Navigating Information Overload - 2019 update

See in this article
I studied history in college, then spent three years in the US Army, in the Intelligence branch. In both cases I was learning to use best available information to support decisions of leaders.

I began to build a library of information in the 1970s, while leading a single tutor/mentor program in Chicago. I expanded this effort in 1993 when I formed the Tutor/Mentor Connection, and then in 1998 when I began to build the library on the Internet.

Visit this article and find links to all sections of the library.

We now have a new Mayor in Chicago, meaning new people will be seeking solutions to old problems.

Helping kids living in high poverty move safely through school and into adult live and jobs, will be one of the focus areas.

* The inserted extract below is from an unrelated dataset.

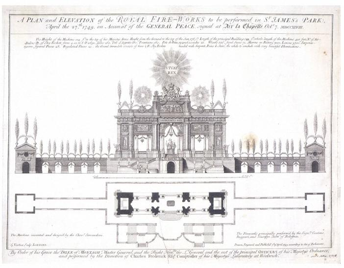 Print, 1749, Giovanni Niccolo Servandoni V&A Museum no. 21228 Techniques - Engraving, ink on paper Artist/designer - Giovanni Niccolo Servandoni (02/05/1695 - 19/01/1766) (designers), George Vertue (17/11/1684 - 24/07/1756) (engravers) Place - London, England Dimensions - Height 44 cm (paper), Width 57 cm (paper) Object Type - This object is a particular type of print called an engraving. Lines are cut into the flat surface of a metal plate using sharp tools. The engraving is made by transferring ink held in the lines onto a sheet of paper. Subject Depicted - The peace treaty of Aix-la-Chapelle was signed in 1748, ending the War of Austrian Succession. On 27 April 1749 a firework spectacular took place in St James's Park, London, to celebrate the Peace of Aix-la-Chapelle. This print shows the large wooden pavilion, painted to resemble stone, that was erected to launch the fireworks. The pavilion was 410 feet long and 114 feet high. The firework display was not an unqualified success: it rained on the day; the pavilion housing the fireworks caught fire and burned to the ground; and there was a public fight when the pavilion's architect, the Chevalier Servandoni, drew his sword and confronted the organiser of the event, the Duke of Montagu. People - The famous English composer George Frideric Handel wrote several pieces to celebrate the signing of the Peace of Aix-la-Chapelle. The most famous of these, the Music for the Royal Fireworks, was performed at the firework spectacular in St James's Park on 27 April 1749. The piece was a great success and is still one of Handel's most frequently performed compositions.
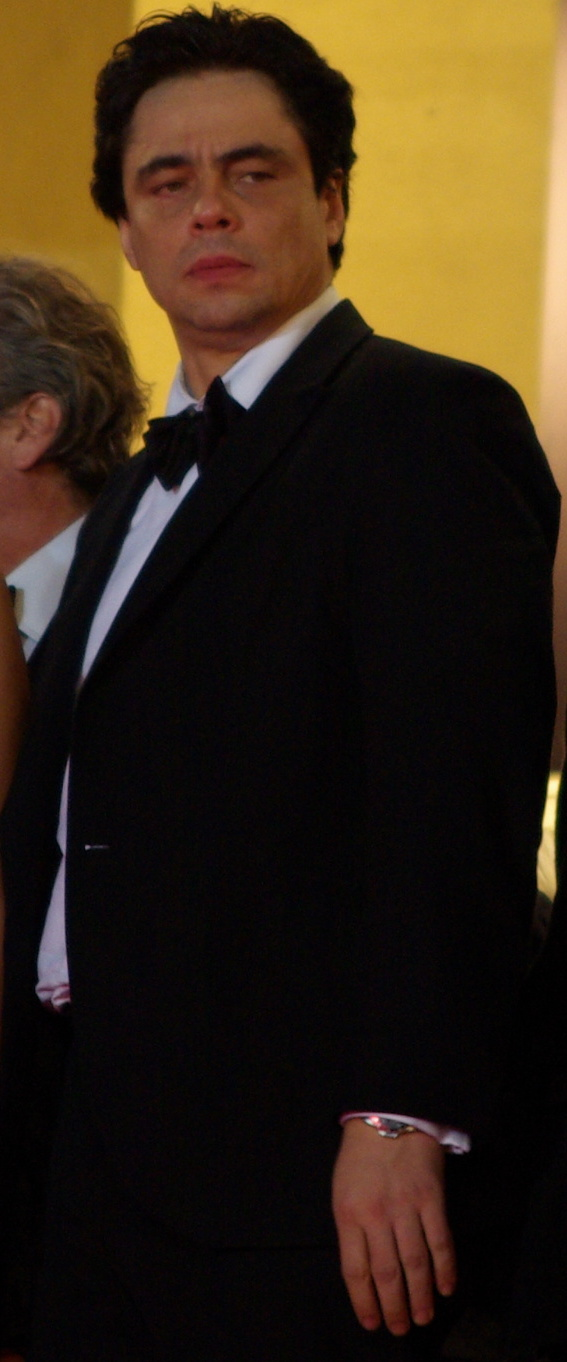 American actor Benicio del Toro at Cannes 2008.

Four-part strategy click here
My hope is that the Mayor will point her team to the web library I've been building, and to the four-part strategy described in this visual.  What makes my library unique is that while some of the information is from my own experiences, most of the sites I point to, have their own web libraries. Thus, each site opens to hundreds, if not thousands, of additional resources.

With all of this information, how can normal people find time to do more than scratch the surface? I think this is one of the major problems facing the world. Too much information. Too few using it.

Below is what I wrote about this in a 2012 article.

Often I learn to understand what I've been doing by seeing how others present similar ideas. Over the past few years I've followed many people who share ideas in a variety of blogs, web sites, videos, social media sites, etc. I've pointed to many on my own blog and web site and even collect some of the links in my web library.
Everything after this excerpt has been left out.